露地野菜の高温対策は夏の高温と野菜価格・高温対策、温暖化全体への適応は気候変動・生物多様性への対応もあわせてご覧ください。米政策の全体像は米価と米政策で整理しています。

キーワード解説

白未熟粒

登熟期の高温などでデンプンの蓄積が不十分になり、粒の内部に空隙ができて光が乱反射し、白く濁って見える米です。
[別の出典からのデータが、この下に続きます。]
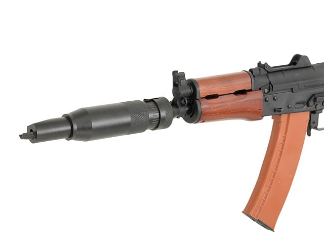 阿富汗战争时期虽然苏军已经全面装备AK74,但其特种部队仍在使用安装了PBS-1消声器的AKM,有时还同时安装了GP25榴弹发射器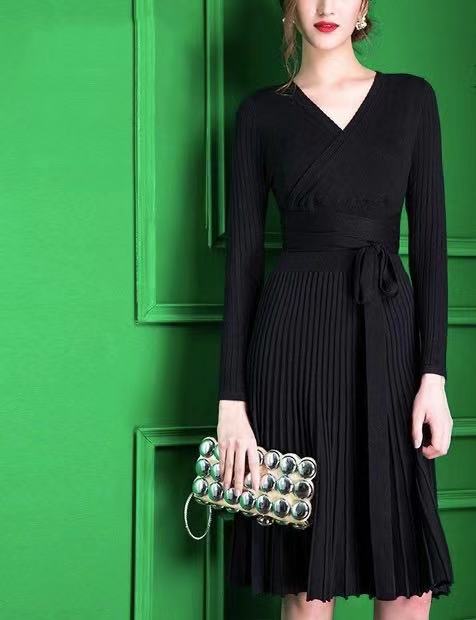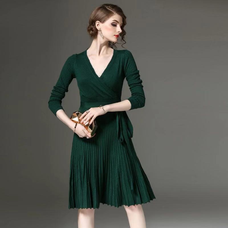 Elegant Dress Spring Office Dresses For Women Decorative Sashes V Neck Solid Plus Size Vintage Vestidos

背白・基白・乳白などがあり、一等米比率の低下の主因になります。

胴割れ

登熟後期から収穫期の急な乾湿変化で、玄米に亀裂が入る現象です。高温の年や刈り遅れで増え、食味や歩留まりの低下につながります。

飽水管理

田面に水がうっすら残る状態を保つ水管理です。根への酸素供給と地温の抑制を両立させ、高温期の根の活力維持に役立ちます。

高温耐性品種

登熟期の高温でも白未熟粒や胴割れが出にくいよう育成された品種です。産地の条件に合う品種を選び、複数品種で出穂期を分散させる使い方が広がっています。

高温対策栽培体系への転換支援

高温に強い栽培体系への切り替えを後押しする農林水産省の支援です。産地単位で行う高温耐性品種の導入、土づくり・追肥、作期の変更、新品種・新技術の実証などが対象で、都道府県を通じて要望が把握されます。補助率・上限額・公募時期は交付等要綱・実施要領と都道府県の案内で決まります。

ナラシ対策

米・畑作物の収入減少影響緩和交付金です。その年の収入が基準を下回ったとき、国と生産者の積立から減収分の一部が補てんされます。